Technical Details Released for Critical Cisco SSM Command Execution Vulnerability
Security researchers have published technical details regarding a highly critical vulnerability in the Cisco Smart Software Manager On-Prem (SSM On-Prem).
Tracked as CVE-2026-20160, this flaw carries a near-maximum CVSS score of 9.8. It allows remote, unauthenticated attackers to execute commands as a root user.
With no workarounds available, organizations must apply patches immediately to secure their networks.
Cisco SSM On-Prem helps organizations manage their software licenses locally, keeping them off the public internet. Because of this, the appliance usually sits deep inside trusted internal networks.
The vulnerability stems from an internal service that was accidentally left exposed. By sending a specially crafted API request to this endpoint, an attacker can bypass all authentication checks.
Once successful, the attacker gains root-level access, meaning they have complete and total control over the underlying operating system.
Because the SSM On-Prem appliance operates within a trusted network segment and holds important deployment data, it is a high-value target for threat actors.

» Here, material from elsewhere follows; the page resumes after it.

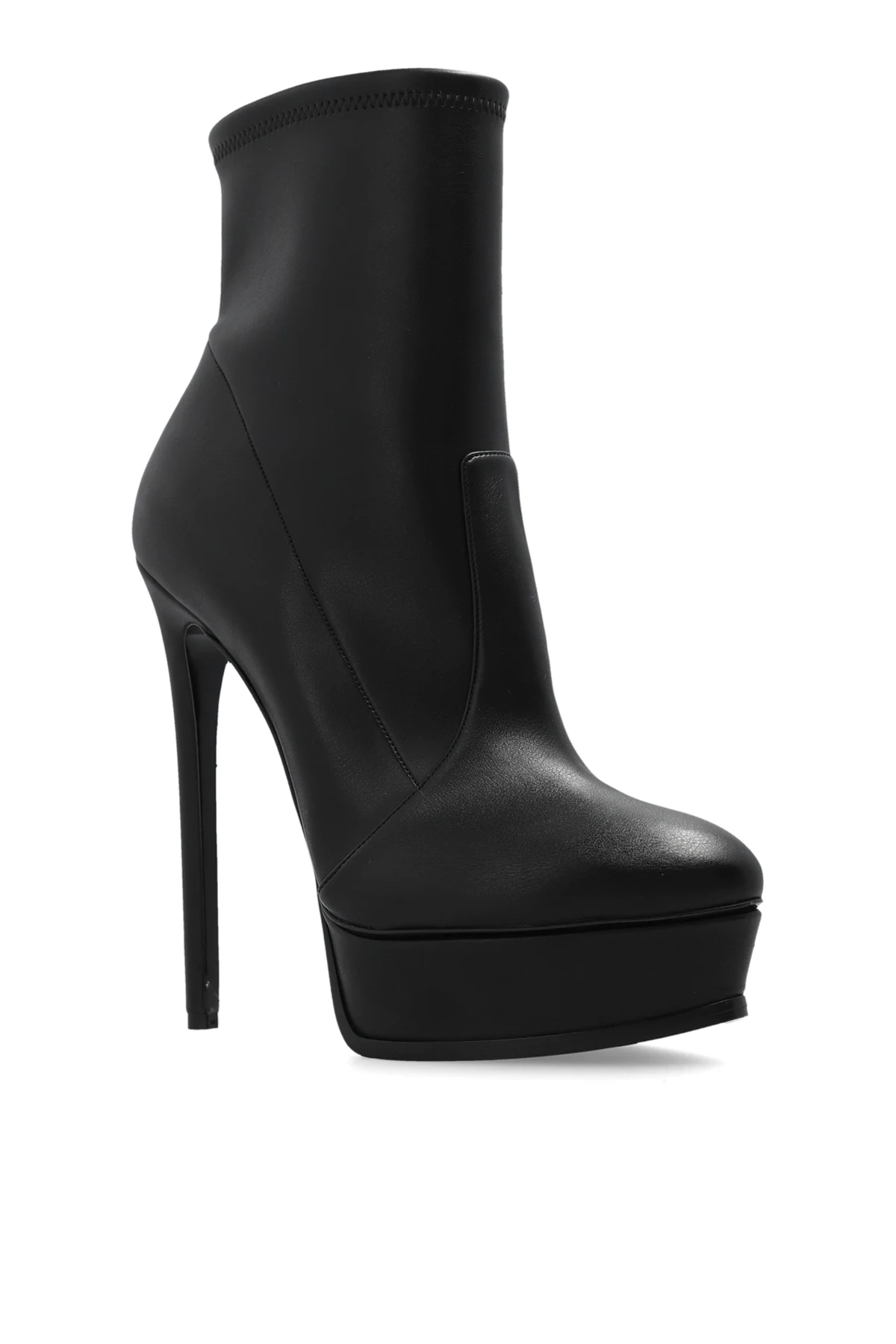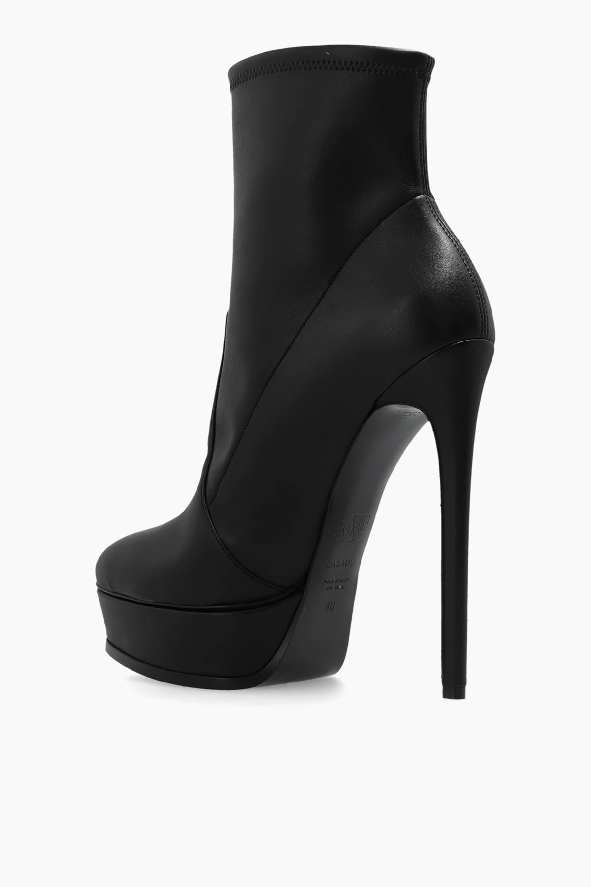 Czarne, wsuwane botki na platformie, model ‘Flora’ Casadei. Wykonane z imitacji skóry. Zaokrąglony nosek. Wysoki obcas. Czarna, gumowa podeszwa. Wyprodukowano we Włoszech.

A successful compromise gives hackers a powerful and highly privileged foothold. From there, attackers can move laterally to other parts of the network, establish long-term persistence, and steal sensitive operational data.
Cisco has confirmed that no authentication is required to pull off this attack, making it incredibly easy for remote attackers to exploit if they can reach the system.
Affected Versions and Fixes
Cisco states that upgrading the system is the only way to fix this issue, as there are no temporary workarounds available.
- Affected versions include releases 9-202502 through 9-202510.
- The fixed software is release 9-202601 and later.
- Releases older than 9-202502 are not impacted by this flaw.
Administrators must upgrade their systems to the fixed release immediately to prevent a full system takeover.
Following Cisco’s April 1 advisory, the research team at Horizon3.ai successfully reverse-engineered the vulnerability on April 8.
They have released a NodeZero Rapid Response test, allowing security teams to safely check if their environment is exposed.
Organizations are encouraged to run this test, apply the required Cisco patch, and re-run the test to confirm the fix was entirely successful.